DATA BLOCK START

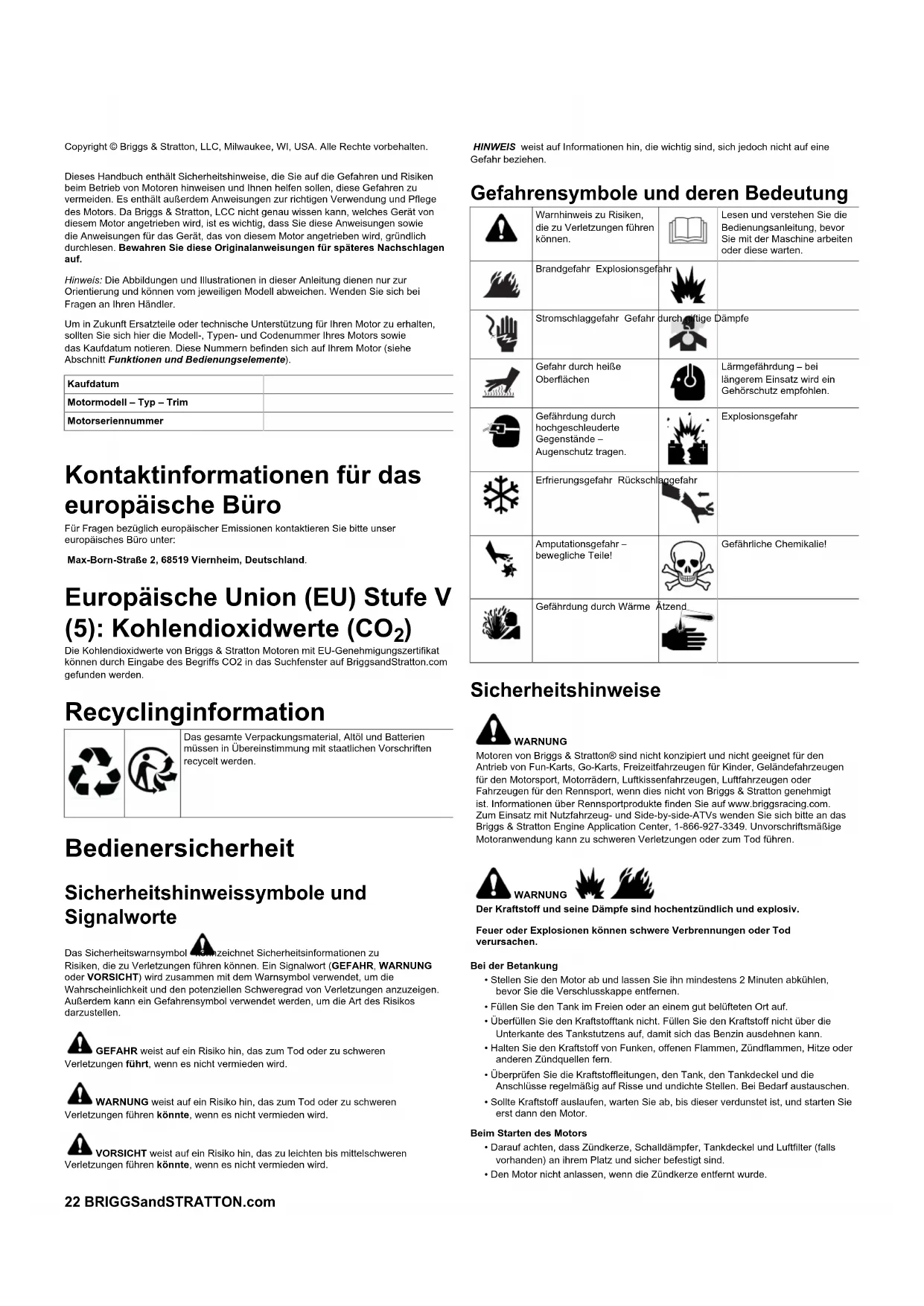 opbevaring på lager eller forkert motorinstallation. Servicegarantien er kun tilgængelig via autoriserede Briggs & Stratton- serviceforhandlere. Find din nærmeste serviceforhandler på vores forhandlerkort på BRIGGSandSTRATTON.COM, eller ved at ringe til 1-800-233-3723 (i USA). 80004537 (Rev. F)22 BRIGGSandSTRATTON.com Copyright © Briggs & Stratton, LLC, Milwaukee, WI, USA. Alle Rechte vorbehalten. Dieses Handbuch enthält Sicherheitshinweise, die Sie auf die Gefahren und Risiken beim Betrieb von Motoren hinweisen und Ihnen helfen sollen, diese Gefahren zu vermeiden. Es enthält außerdem Anweisungen zur richtigen Verwendung und Pflege des Motors. Da Briggs & Stratton, LCC nicht genau wissen kann, welches Gerät von diesem Motor angetrieben wird, ist es wichtig, dass Sie diese Anweisungen sowie die Anweisungen für das Gerät, das von diesem Motor angetrieben wird, gründlich durchlesen. Bewahren Sie diese Originalanweisungen für späteres Nachschlagen auf. Hinweis:Die Abbildungen und Illustrationen in dieser Anleitung dienen nur zur Orientierung und können vom jeweiligen Modell abweichen. Wenden Sie sich bei Fragen an Ihren Händler. Um in Zukunft Ersatzteile oder technische Unterstützung für Ihren Motor zu erhalten, sollten Sie sich hier die Modell-, Typen- und Codenummer Ihres Motors sowie das Kaufdatum notieren. Diese Nummern befinden sich auf Ihrem Motor (siehe AbschnittFunktionen und Bedienungselemente). Kaufdatum Motormodell – Typ – Trim Motorseriennummer Kontaktinformationen für das europäische Büro Für Fragen bezüglich europäischer Emissionen kontaktieren Sie bitte unser europäisches Büro unter: Max-Born-Straße 2, 68519 Viernheim, Deutschland. Europäische Union (EU) Stufe V (5): Kohlendioxidwerte (CO
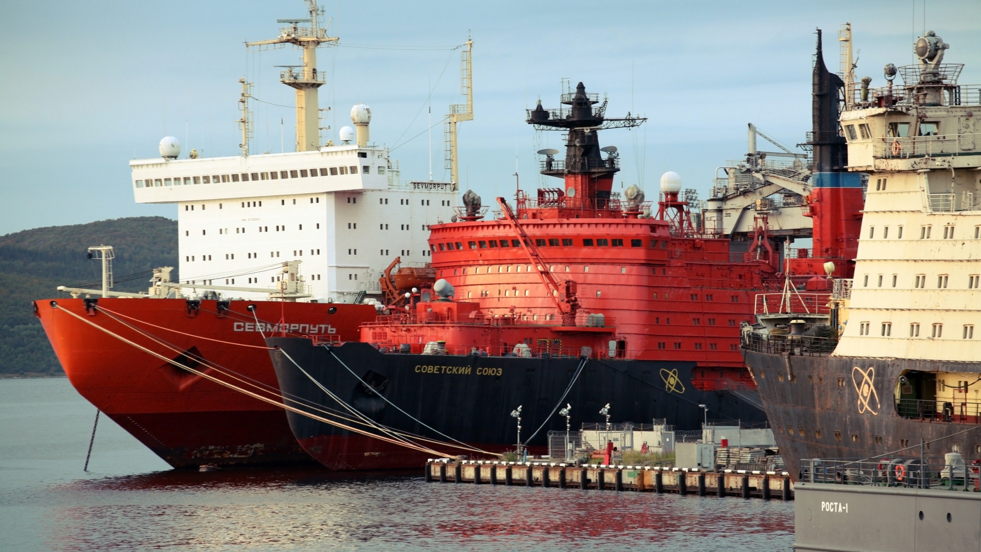 Der erste Atomeisbrecher wurde 1957 auf den Namen Lenin getauft. Heute dient er als Museum und Informationszentrum. Wie der Name schon vermuten lässt, werden Atomeisbrecher durch einen Kernreaktor angetrieben. Dieses Bild zeigt die Atomeisbrecherflotte im russischen Murmansk.
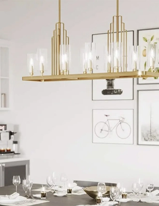 Questa sospensione in stile art déco si caratterizza per forme geometriche e finiture in ottone naturale spazzolato e nichel lucido. I paralumi sono in vetro trasparente scanalato. Le scanalature verticali producono un sottile effetto luminoso, per un'illuminazione più semplice è possibile rimuovere i paralumi.
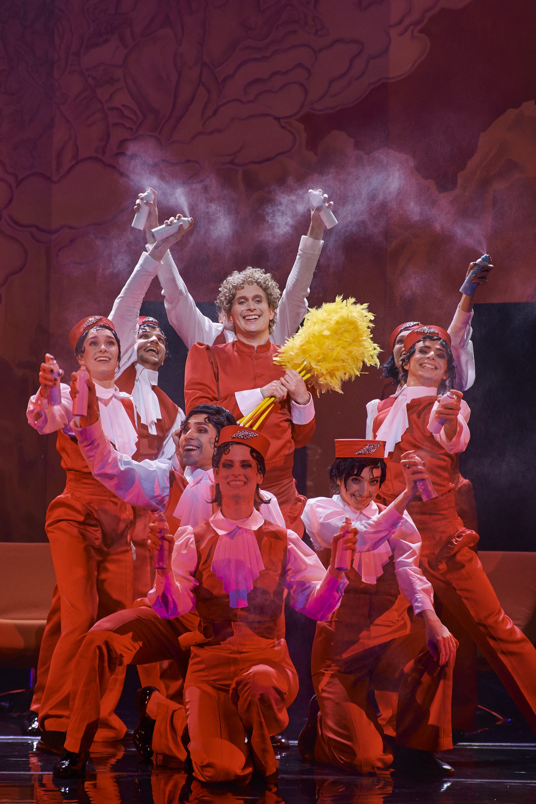 JFA: Ich hatte wahnsinnig viel Spaß dabei, dieses Stück in einer Inszenierung von Otto Pichler selbst zu spielen. Und ich hatte öfter den Moment, dass ich auf der Seitenbühne in der Gasse stand, diese tolle Musik gehört und mich dann ein bisschen »reingeträumt« habe: Was ich da sehe und was ich aus diesem Material machen würde, aus dieser Musik und aus diesen Szenen und Charakteren. Mir war es deshalb wichtig, von Anfang an einen »Spielplatz« zu kreieren, wo wir uns als Kreativteam und auch mit dem Ensemble wirklich austoben konnten. Wir haben so wundervoll eigene und lustige Charaktere in der Besetzung. Deshalb war es ein großer Spaß für jeden dieser Charaktere, eine Drehung in der Handlung, den perfekten Auftritt, die ideale Nummer oder eine lustige Pointe zu finden, über die ich als Schauspieler vorher nie nachgedacht habe. Als Regisseur konnte ich mir den Raum dafür geben und tatsächlich neue Facetten des Stückes entdecken – das war wunderbar.

DATA BLOCK END

▶ PROBLEM STATEMENT
One exact copy of the data, no pictures: write it out line for line.

▶ WRITTEN ANSWER
 opbevaring på lager eller forkert motorinstallation. Servicegarantien er kun tilgængelig via autoriserede Briggs & Stratton- serviceforhandlere. Find din nærmeste serviceforhandler på vores forhandlerkort på BRIGGSandSTRATTON.COM, eller ved at ringe til 1-800-233-3723 (i USA). 80004537 (Rev. F)22 BRIGGSandSTRATTON.com Copyright © Briggs & Stratton, LLC, Milwaukee, WI, USA. Alle Rechte vorbehalten. Dieses Handbuch enthält Sicherheitshinweise, die Sie auf die Gefahren und Risiken beim Betrieb von Motoren hinweisen und Ihnen helfen sollen, diese Gefahren zu vermeiden. Es enthält außerdem Anweisungen zur richtigen Verwendung und Pflege des Motors. Da Briggs & Stratton, LCC nicht genau wissen kann, welches Gerät von diesem Motor angetrieben wird, ist es wichtig, dass Sie diese Anweisungen sowie die Anweisungen für das Gerät, das von diesem Motor angetrieben wird, gründlich durchlesen. Bewahren Sie diese Originalanweisungen für späteres Nachschlagen auf. Hinweis:Die Abbildungen und Illustrationen in dieser Anleitung dienen nur zur Orientierung und können vom jeweiligen Modell abweichen. Wenden Sie sich bei Fragen an Ihren Händler. Um in Zukunft Ersatzteile oder technische Unterstützung für Ihren Motor zu erhalten, sollten Sie sich hier die Modell-, Typen- und Codenummer Ihres Motors sowie das Kaufdatum notieren. Diese Nummern befinden sich auf Ihrem Motor (siehe AbschnittFunktionen und Bedienungselemente). Kaufdatum Motormodell – Typ – Trim Motorseriennummer Kontaktinformationen für das europäische Büro Für Fragen bezüglich europäischer Emissionen kontaktieren Sie bitte unser europäisches Büro unter: Max-Born-Straße 2, 68519 Viernheim, Deutschland. Europäische Union (EU) Stufe V (5): Kohlendioxidwerte (CO
 Der erste Atomeisbrecher wurde 1957 auf den Namen Lenin getauft. Heute dient er als Museum und Informationszentrum. Wie der Name schon vermuten lässt, werden Atomeisbrecher durch einen Kernreaktor angetrieben. Dieses Bild zeigt die Atomeisbrecherflotte im russischen Murmansk.
 Questa sospensione in stile art déco si caratterizza per forme geometriche e finiture in ottone naturale spazzolato e nichel lucido. I paralumi sono in vetro trasparente scanalato. Le scanalature verticali producono un sottile effetto luminoso, per un'illuminazione più semplice è possibile rimuovere i paralumi.
 JFA: Ich hatte wahnsinnig viel Spaß dabei, dieses Stück in einer Inszenierung von Otto Pichler selbst zu spielen. Und ich hatte öfter den Moment, dass ich auf der Seitenbühne in der Gasse stand, diese tolle Musik gehört und mich dann ein bisschen »reingeträumt« habe: Was ich da sehe und was ich aus diesem Material machen würde, aus dieser Musik und aus diesen Szenen und Charakteren. Mir war es deshalb wichtig, von Anfang an einen »Spielplatz« zu kreieren, wo wir uns als Kreativteam und auch mit dem Ensemble wirklich austoben konnten. Wir haben so wundervoll eigene und lustige Charaktere in der Besetzung. Deshalb war es ein großer Spaß für jeden dieser Charaktere, eine Drehung in der Handlung, den perfekten Auftritt, die ideale Nummer oder eine lustige Pointe zu finden, über die ich als Schauspieler vorher nie nachgedacht habe. Als Regisseur konnte ich mir den Raum dafür geben und tatsächlich neue Facetten des Stückes entdecken – das war wunderbar.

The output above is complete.